Les LCA, c’est-à-dire les langues et cultures de l’Antiquité, latin et/ou grec, occupent une place particulière : elles peuvent s’ajouter aux options suivies en première et en terminale. Un projet interdisciplinaire nommé Mare Nostrum peut également être associé aux LCA, avec une approche croisant langues, cultures et héritages méditerranéens.
Les options spécifiques à la terminale
Mathématiques complémentaires peut intéresser les élèves qui n’ont pas conservé la spécialité mathématiques mais qui veulent garder un lien avec la discipline.
Mathématiques expertes s’adresse aux élèves qui poursuivent la spécialité mathématiques et souhaitent aller plus loin dans cette matière.
Droit et grands enjeux du monde contemporain peut enrichir un parcours orienté vers le droit, les sciences politiques, l’économie ou les questions de société.
Orientation : lire son emploi du temps comme un projet
L’emploi du temps du lycée général n’est pas seulement un cadre scolaire. C’est aussi un support d’orientation. Les choix de spécialités, les options et la manière de vivre le tronc commun donnent des indications sur les goûts, les points forts et les priorités de l’élève.
Les 54 heures d’accompagnement au choix de l’orientation
Un accompagnement au choix de l’orientation de 54 heures à titre indicatif est proposé. Il vise à aider les élèves à mieux connaître les formations, les métiers, les attendus du supérieur et les conséquences de leurs choix. Ces temps peuvent prendre plusieurs formes selon les établissements : séances dédiées, entretiens, recherches guidées, rencontres, préparation des choix ou réflexion sur les parcours.

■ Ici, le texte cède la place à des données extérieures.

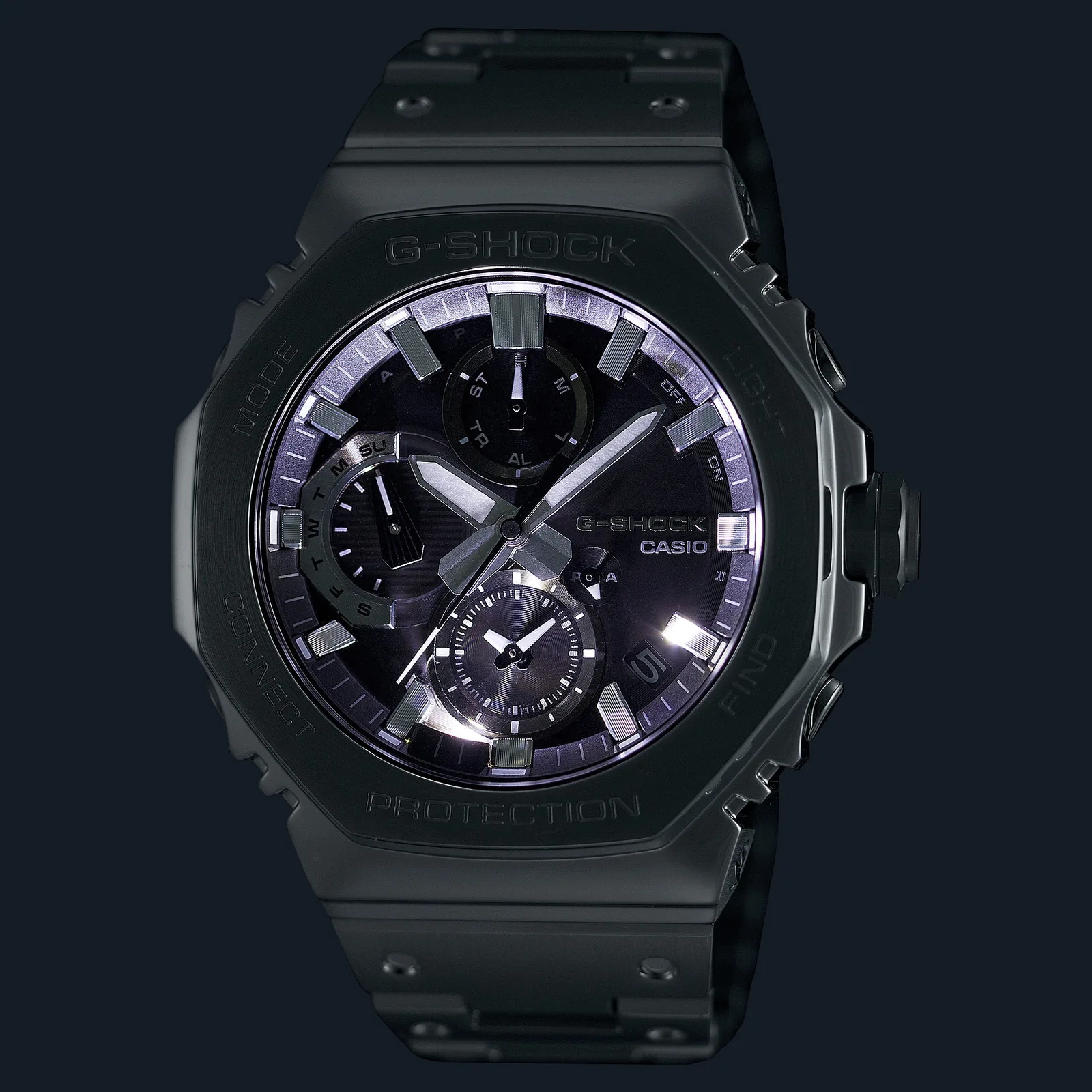 También incluye conectividad Bluetooth. Los usuarios pueden emparejar sus relojes con la aplicación Casio Watches para obtener la corrección automática de la hora, la hora mundial de unas 300 ciudades y la función de buscador de teléfonos. La energía procede del sistema Tough Solar de Casio, con una autonomía declarada de unos cinco meses con carga completa, que se amplía a unos 18 meses en modo de ahorro de energía.

Pour en tirer profit, l’élève gagne à relier ces temps d’orientation à son emploi du temps réel. Quelles matières demandent le plus d’efforts ? Lesquelles donnent envie d’approfondir ? Les résultats confirment-ils le projet envisagé ? Ce questionnement est souvent plus utile qu’un choix fondé uniquement sur une idée de métier encore floue.
Une méthode simple pour comparer deux parcours
Avant de choisir ou d’abandonner une spécialité, il peut être utile de comparer deux scénarios. L’élève peut lister, pour chaque combinaison possible, les matières conservées, les options envisagées, les formations supérieures visées et la charge de travail ressentie. Cette approche rend la décision plus concrète.
- Identifier les disciplines indispensables pour le projet d’études envisagé.
- Évaluer le niveau et l’intérêt réel dans chaque spécialité.
- Vérifier si une option renforce le parcours ou alourdit inutilement la semaine.
- Demander conseil aux enseignants, au professeur principal ou aux personnes chargées de l’orientation.
Un bon emploi du temps au lycée général n’est donc pas forcément le plus chargé. C’est celui qui combine une base commune solide, des spécialités cohérentes et, si nécessaire, des options choisies pour une vraie raison. Cette lisibilité aide l’élève à avancer avec plus de confiance vers la terminale puis vers l’enseignement supérieur.